» **Brief**
Where the line containing "Красное короткое балетное" appears, end the copy there, keeping that line; start from the first line of the entries, copy exactly, and omit pictures.

*** Records ***

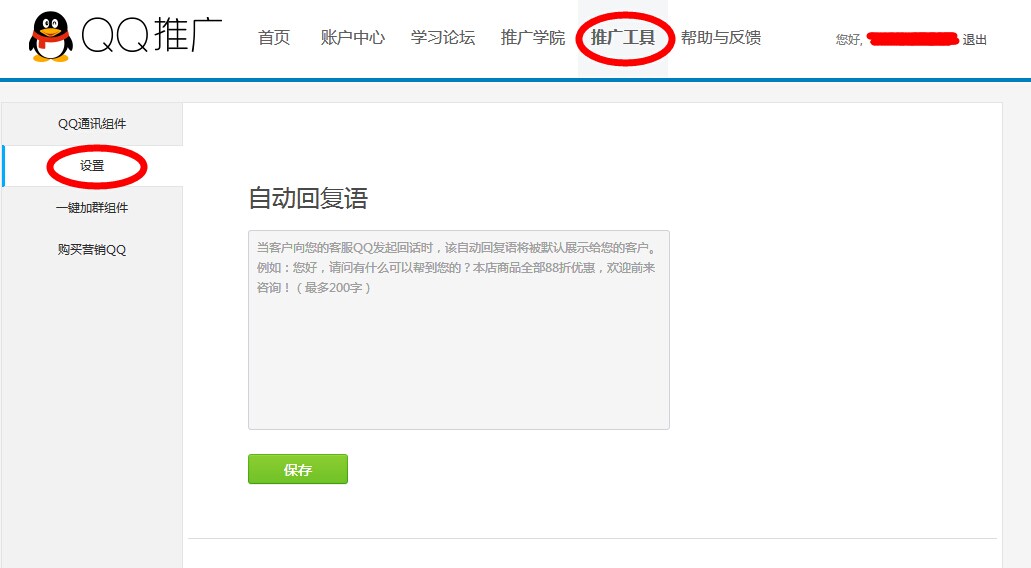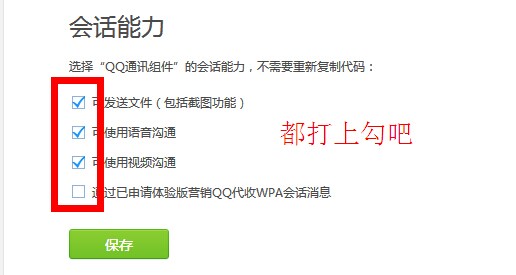 第二步:登陸之后,點擊導航中的“推廣工具”,點左側的第二個“設置”,按下圖所示,全部打勾。這個必須設置,不設置,不能臨時會話,就會顯示“未啟用”。這一步是關鍵,必須設置。先看服務有沒被停用:如停用了,請“啟用服務”
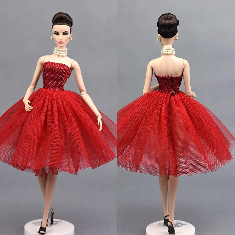 Красное короткое балетное платье для куклы Барби, цельное вечернее платье, Одежда для кукол Барби 16, BJD аксессуары для кукол игрушки
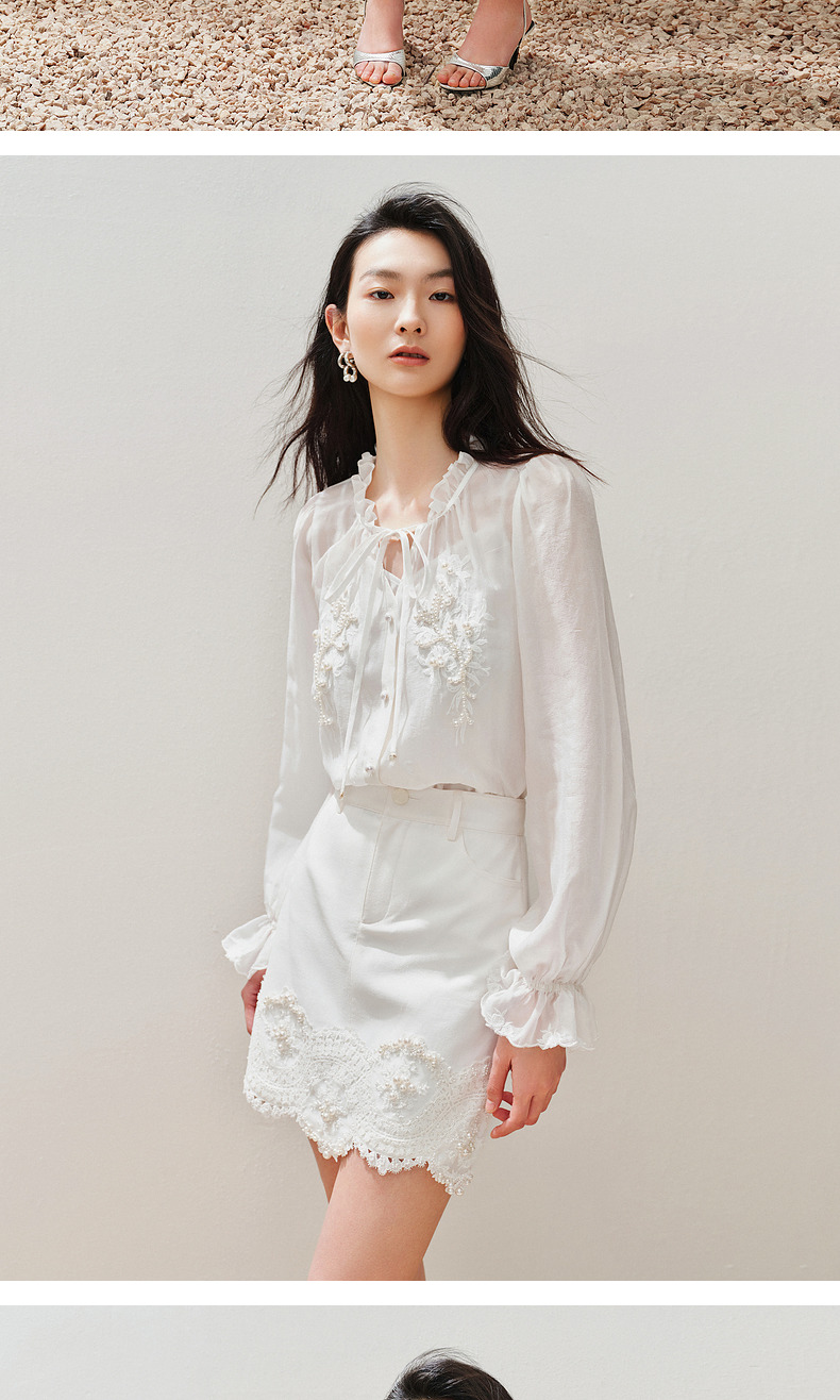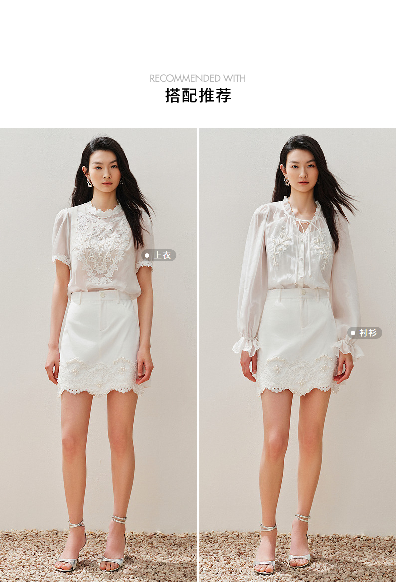 MAXRIENY法式宫廷风半身裙2026年春季新款米白色半裙蕾丝刺绣长裙(货号:MF80SK014)
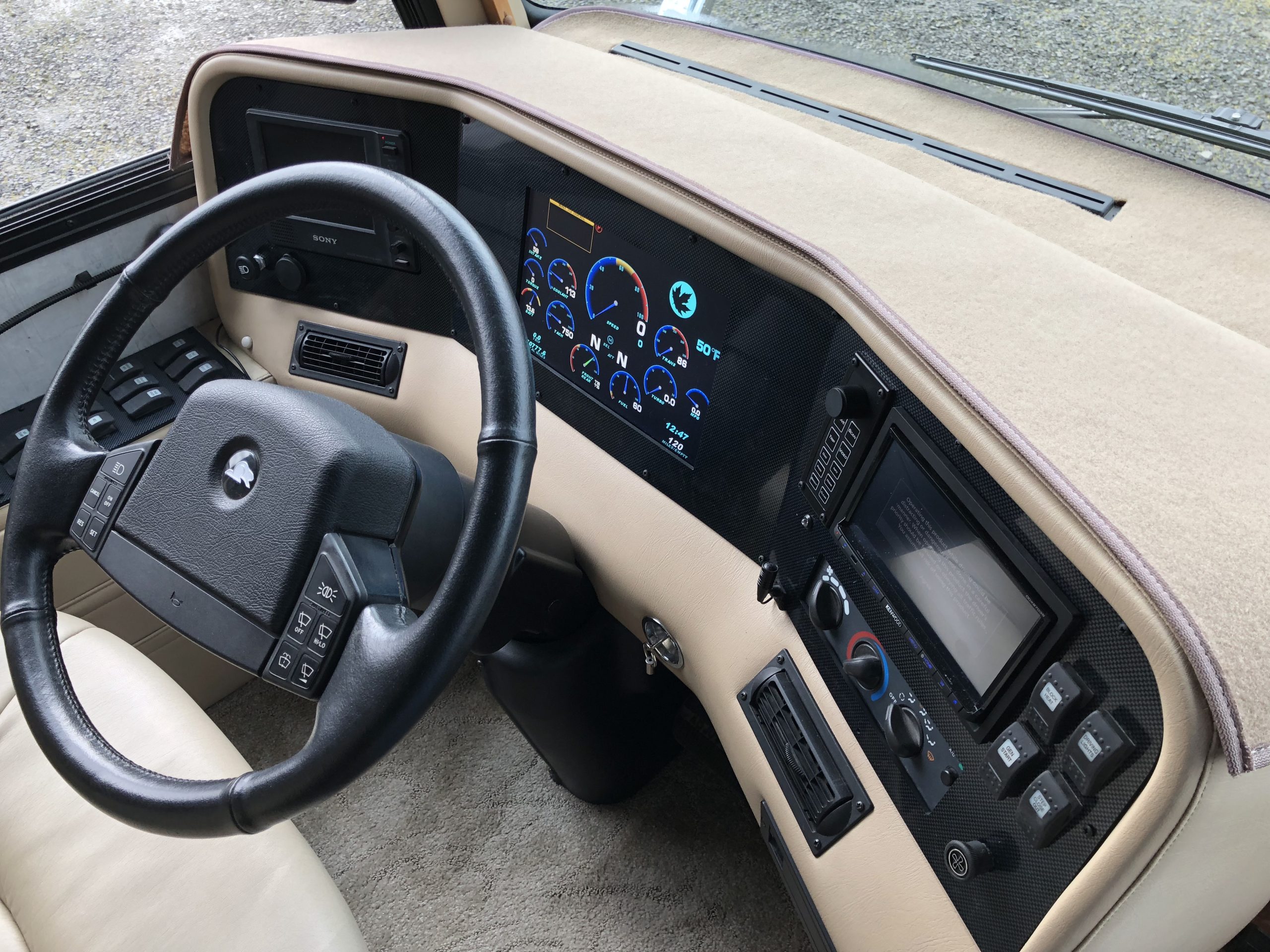 Whether you want to transform your dash into a Boeing worthy cockpit with the VMS765 Glass Dash or add a more budget friendly auxilliary monitor like the VMS500, our VMS products are packed with features that will add value to your coach.
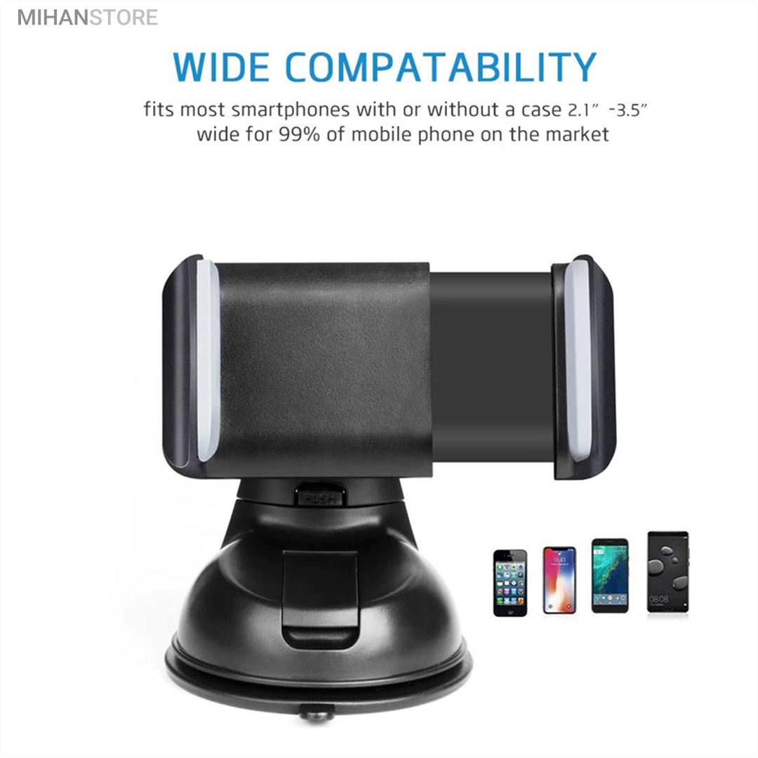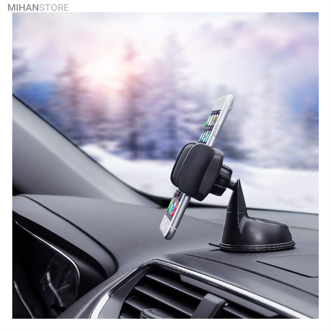پایه نگهدارنده گوشی موبایل با بادکش های لاستیکی بسیار قوی قابلیت چسبندگی برروی هر سطحی از جمله داشبورد خودرو، شیشه جلویی اتومبیل، میز کار و غیره را خواهد داشت. جنس بدنه این هولدر از پلاستیک بوده و در قسمت گیرهای از پوشش سیلیکون برای جلوگیری از لیز خوردن گوشی موبایل استفاده شده است. با استفاده از هولدر موبایل ذکر شده امکان چرخش 360 درجه و یا قرار گرفتن در حالت عمودی و افقی امکان پذیر میباشد، که در هنگام رانندگی آسودگی خاطر بالایی برای راننده فراهم میآورد. این پایه نگهدارنده گوشی موبایل برای گوشی های هوشمند با سایز حداکثر 6 اینج مناسب میباشد. پایه سیلیکونی که به کمک بادکشی بودن به سطوح وصل میشود جوری که طراحی شده که شما میتوانید بارها پایه را جدا کنید و جابجا کنید و مثل روز اول با همان مقاومت به سطح وصل شود و اگر در مجاورت گردو خاک چسبندگی سیلیکون کم شد فقط کافیست پایه را بشورید و استفاده کنید.
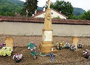 Châtel-Saint-Germain (Deutsche Kriegsgräberstätte 1870/71), Département Moselle, FrankreichPLZ 57160 Kriegsgräberstätte für 52 unbekannte deutsche Soldaten. Obelisk mit krönendem Kreuz und Inschrift und beidseitig stehenden unbeschrifteten Grabkreuzen.
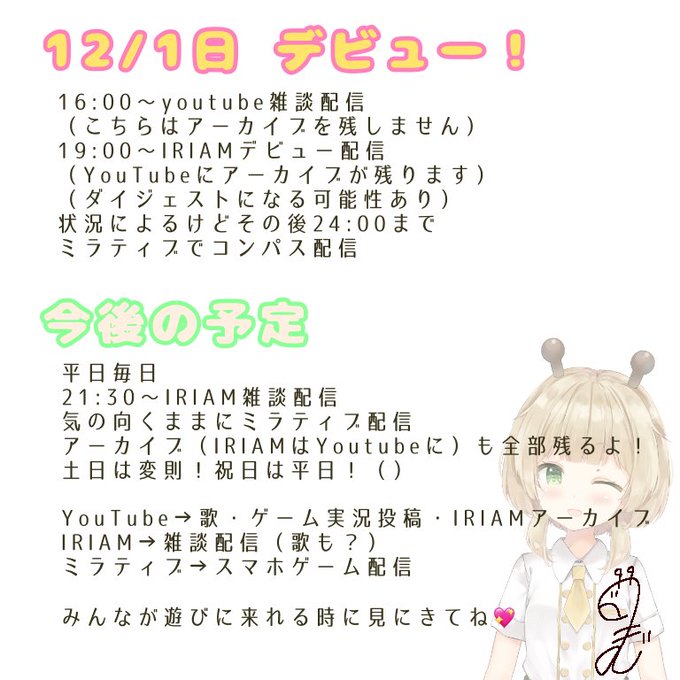 12月1日19:00から初配信します🎂💗
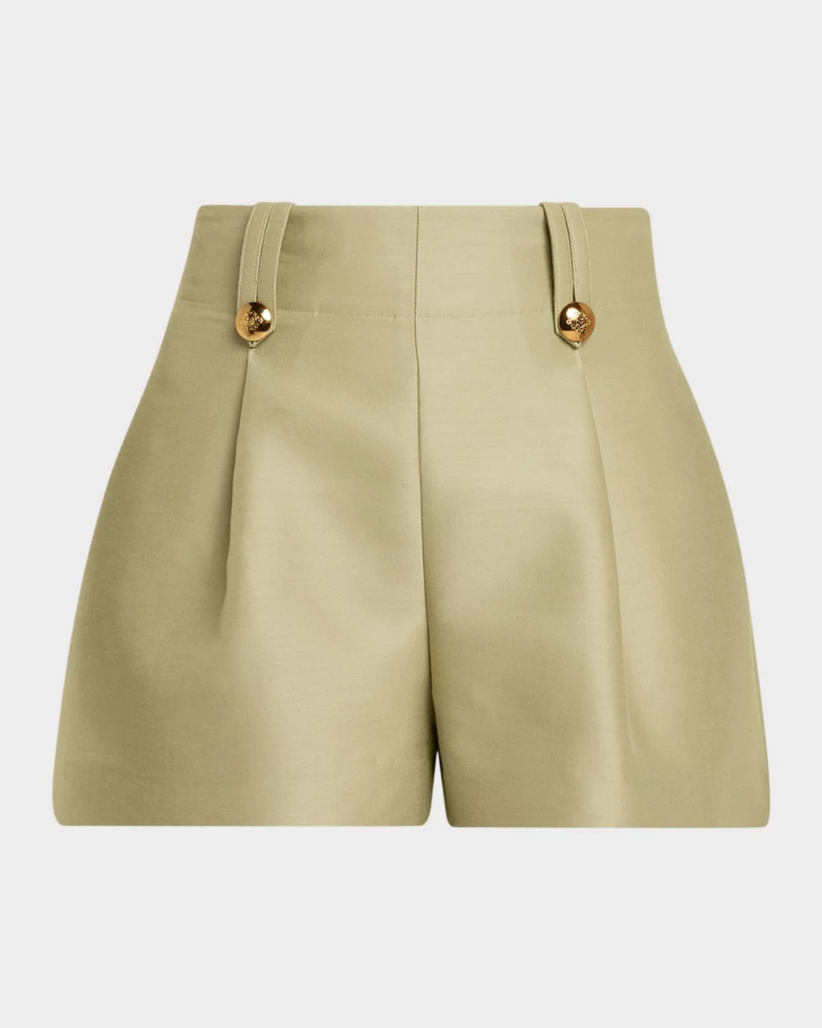 Crafted from a lustrous silk and wool blend, the "Luna" shorts by Zimmermann boast a flared, tailored silhouette adorned with golden buttons that add a touch of glamour. High rise Pintuck front & nbsp; Back welt pockets & nbsp; Waist-hugging fit & nbsp; Invisible back zip & nbsp; Wool/silk Lining: Viscose Dry clean Imported Size conversion: 0 = X-Small, 1 = Small, 2 = Medium, 3 = Large

*** End of Records ***

» **Exercise solution**
 第二步:登陸之后,點擊導航中的“推廣工具”,點左側的第二個“設置”,按下圖所示,全部打勾。這個必須設置,不設置,不能臨時會話,就會顯示“未啟用”。這一步是關鍵,必須設置。先看服務有沒被停用:如停用了,請“啟用服務”
 Красное короткое балетное платье для куклы Барби, цельное вечернее платье, Одежда для кукол Барби 16, BJD аксессуары для кукол игрушки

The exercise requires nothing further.